Of these three, the last and least, Indiana's Robinson, has participated most obscurely in governing the U. S., until last fortnight. Then, thinking he saw a chance to drag the Democratic Party into the Oil Scandal, he stood up in the Senate and falsely imputed a relation with Oilman Sinclair to Governor Smith of New York. "Birds of a feather!" he jibed. Democrats soon stuffed Indiana's own jailbirds and Klan feathers down Senator Robinson's throat (TIME, April 2).

Last week he tried again, this time remarking, with carefully prepared smirks and innuendos, that members of the Wilson Cabinet had entered the employ of Oilmen Sinclair and Doheny after leaving office; that Senator Walsh had praised Oilman Doheny when the latter gave advice on the legislation that made the Oil Scandal possible.

"The 'conspiracy' was formed," said Senator Robinson, "not at the Chicago convention in 1920 but in Washington, during the Wilson Administration, participated in by high officials of that administration and aided and abetted by still other Democrats of high standing." Senator Robinson pictured the late Franklin K. Lane, onetime (1913-20) Secretary of the Interior, as "the originator of the proposal to lease naval oil lands to private interests to be exploited by them."

Virginia's hard-working little Carter Glass, now in the Senate, was one of the late Mr.

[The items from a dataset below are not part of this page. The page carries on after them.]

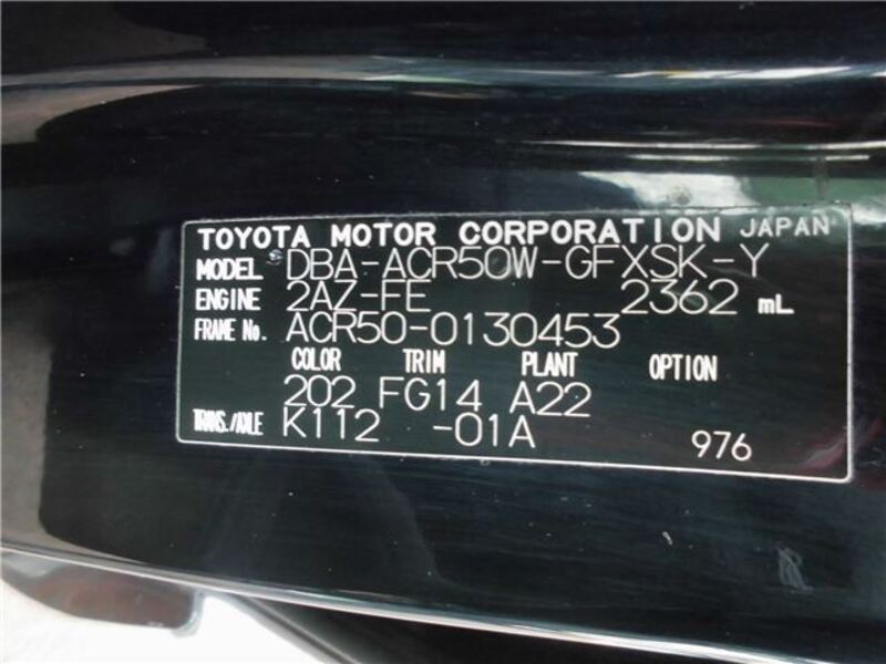 | Chassis No | ACR50W-****Full Chassis No_will be shown on Invoice |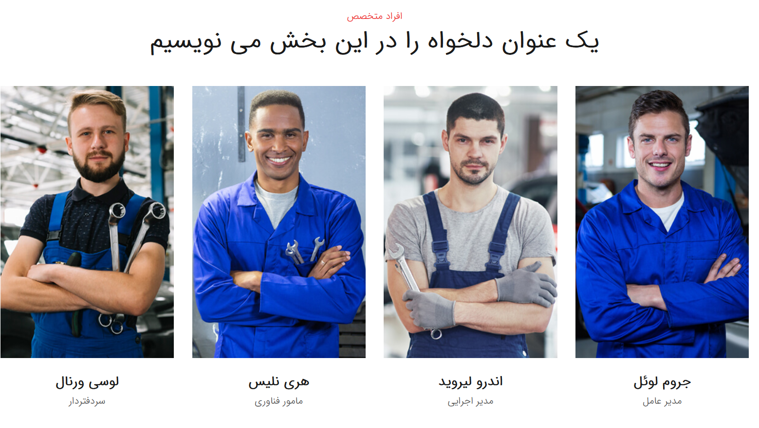 در بخش بعدی از قالب html خدماتی ،تعمیر خودرو xpart می توانید با استفاده از یک گالری تصاویر همکاران را به دریافت کنندگان خدمات نشان دهید و همچنین راه ارتباطی با هر کدام از آنها را ذکر کنید .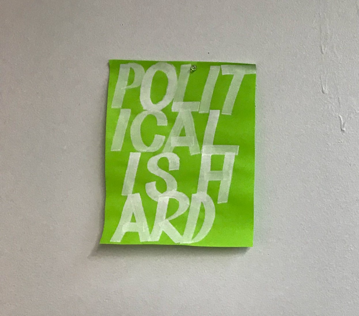 I wonder if it’s a fuzzy perception of what exactly is “the political” in the work that makes students wary of attempting and/or appreciating it. Maybe they see it as too topical or requiring a measure of gravity they aren’t yet capable of. Or, that it has to be directly about a specific issue or a cause, and they are not allowed to be neutral about their position. Perhaps they feel they must court controversy and shock for the work to be effective. But, who are we kidding? It’s terribly hard to out-shock this present administration.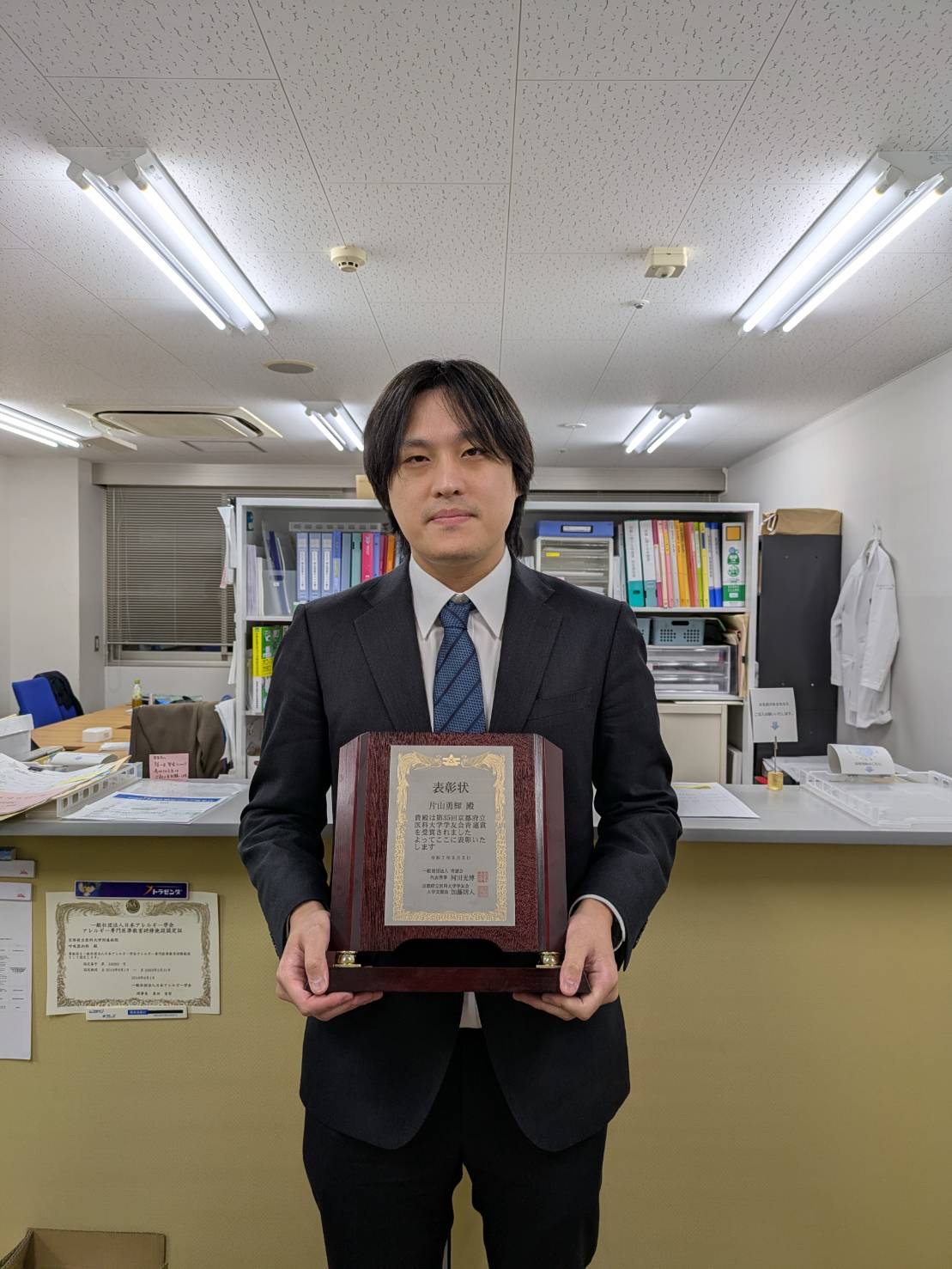 助教の片山です。 先日、第35回京都府立医科大学学友会青蓮賞にご採択いただき、2025年3月5日に執り行われました青蓮賞授賞式および受賞記念講演会で青蓮賞を受賞いたしました。 この度は大変名誉ある賞を受賞することができ、ご協力およびご指導いただきました先生方には心より感謝申し上げます。 今後ともご指導ご鞭撻のほど、どうぞよろしくお願いいたします。

Lane's closest friends and served with him in the Wilson Cabinet. Now, at Senator Robinson's remark, Senator Glass sprang up, storming: "Does the Senator mean to suggest that Franklin K. Lane ever accepted a bribe from Mr. Doheny? If he does then I denounce him here upon this floor as a slanderer!"

Robinson: "I do not mean to reflect on Franklin K. Lane."

Glass: "Yes, that is exactly what the Senator means and the denial simply accentuates his moral turpitude in doing it."

Robinson: "... I think Franklin K. Lane bore a very high reputation . . . but Senators on the other side of the Chamber have not hesitated to go down into the tomb for Republicans who have passed away. . . . Democrats attempt to smear oil all over dead Republicans. But if we merely mention a man who perchance happens to be a Democrat, then something is wrong. . . ."

Glass: "The question here is, what does the Senator mean by accusing Franklin K. Lane?"

Robinson: "I am not charging him with bribery."

Glass: "The Senator is not doing it outright. He is doing it by the meanest kind of insinuation."

Robinson: "In my judgment, it was a breach of the proprieties for all those Cabinet officers to go out and accept oil employment immediately after leaving the Cabinet."

Glass: "My judgment is that there is no kind of cowardice on this earth that is worse than an insinuation against an honest man who because he is dead, cannot defend his own character."

Senator Caraway of Arkansas: "I would like to inquire if the Senator from Indiana thinks they ought to have stayed in office and taken the employment?"

Senator Robinson did not reply. Instead he left the floor and did not return until the end of a long, frigidly polite, painstaking speech by Senator Walsh who, with maps hung on the Senate walls to make it clearer, demonstrated that the oil laws and leases of the Wilson regime were executed to save the Navy's oil in a field that was "leaking." As everyone knows, the leases under the Harding regime took away from the U. S. naval oil fields that were intact.

The public, of course, did not see Senator Walsh's maps nor hear his explanation. What would be popularly understood was that Senator Robinson had "smeared" the Democratic Party. Accuracy counts for little in politics. The Robinson speeches were something of a G. O. P. triumph.

When parties triumph through one man's work in Congress, his colleagues usually crowd around to shake his hand. That was a curious thing about the Robinson episode last week. When he sat down, when he went out, when he returned, observers noticed that no other Republicans went near him.